TASK BRIEF:
Give back the full listing verbatim, apart from its images.

DATA SEGMENT:
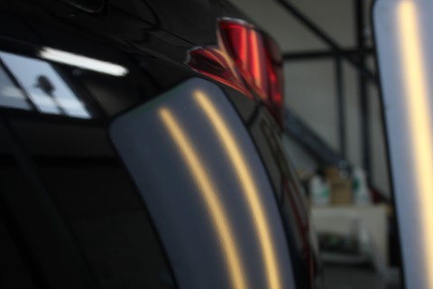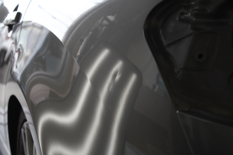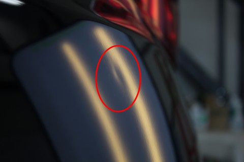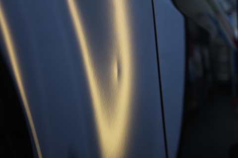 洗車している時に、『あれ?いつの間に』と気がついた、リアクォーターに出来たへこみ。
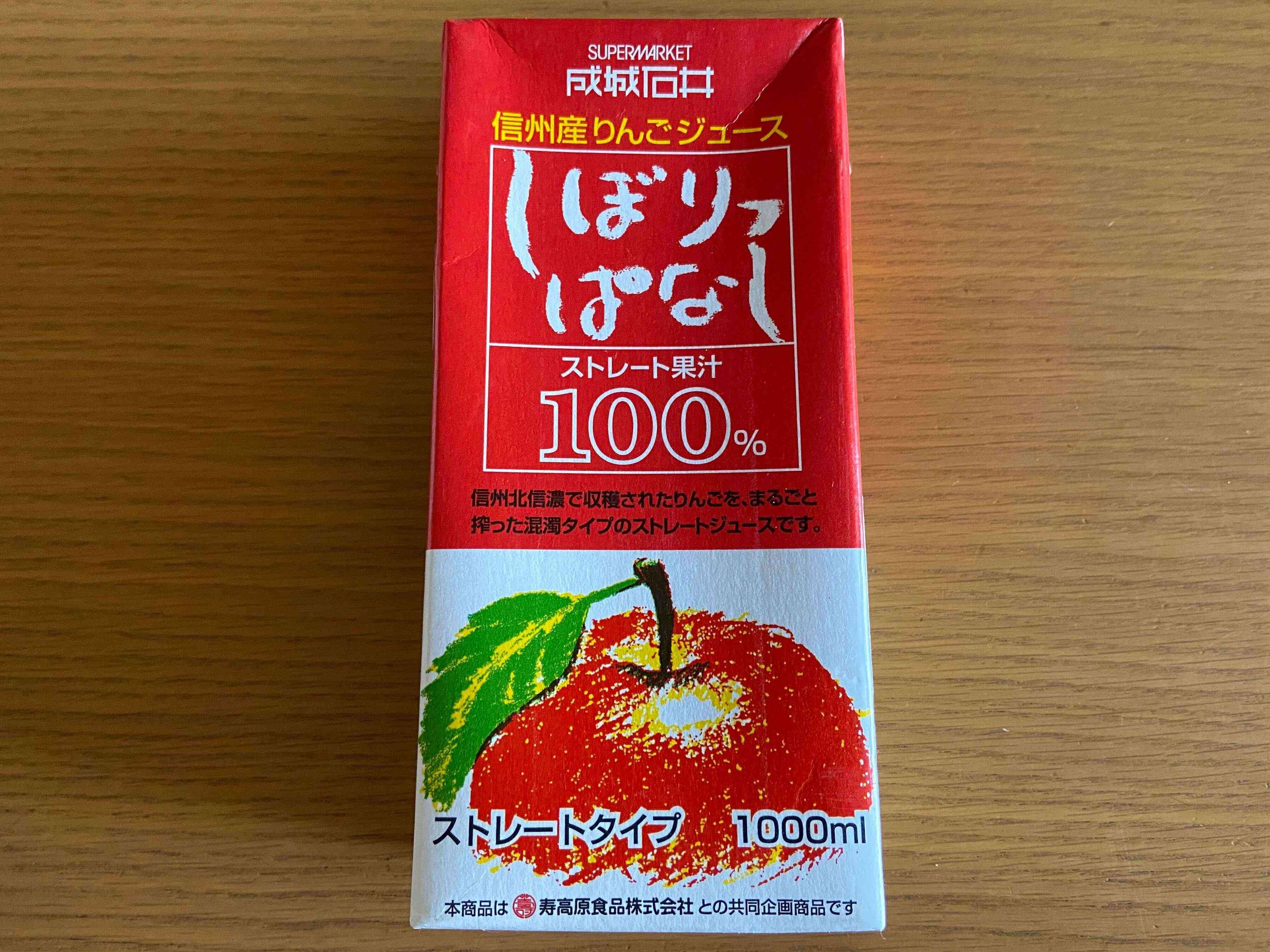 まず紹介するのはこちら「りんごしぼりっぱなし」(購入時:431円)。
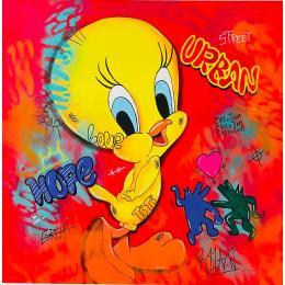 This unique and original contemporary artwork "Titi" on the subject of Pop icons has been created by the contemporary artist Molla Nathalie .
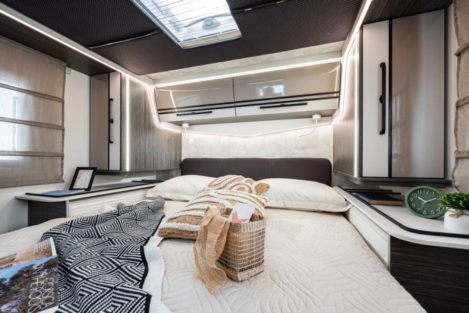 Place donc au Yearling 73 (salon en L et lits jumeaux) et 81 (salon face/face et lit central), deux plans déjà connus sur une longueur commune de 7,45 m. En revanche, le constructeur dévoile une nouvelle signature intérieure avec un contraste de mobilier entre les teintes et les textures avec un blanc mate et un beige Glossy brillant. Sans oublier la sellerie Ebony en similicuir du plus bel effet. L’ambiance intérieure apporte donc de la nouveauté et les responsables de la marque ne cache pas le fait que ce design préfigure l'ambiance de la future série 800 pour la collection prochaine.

TASK RESULT:
 洗車している時に、『あれ?いつの間に』と気がついた、リアクォーターに出来たへこみ。
 まず紹介するのはこちら「りんごしぼりっぱなし」(購入時:431円)。
 This unique and original contemporary artwork "Titi" on the subject of Pop icons has been created by the contemporary artist Molla Nathalie .
 Place donc au Yearling 73 (salon en L et lits jumeaux) et 81 (salon face/face et lit central), deux plans déjà connus sur une longueur commune de 7,45 m. En revanche, le constructeur dévoile une nouvelle signature intérieure avec un contraste de mobilier entre les teintes et les textures avec un blanc mate et un beige Glossy brillant. Sans oublier la sellerie Ebony en similicuir du plus bel effet. L’ambiance intérieure apporte donc de la nouveauté et les responsables de la marque ne cache pas le fait que ce design préfigure l'ambiance de la future série 800 pour la collection prochaine.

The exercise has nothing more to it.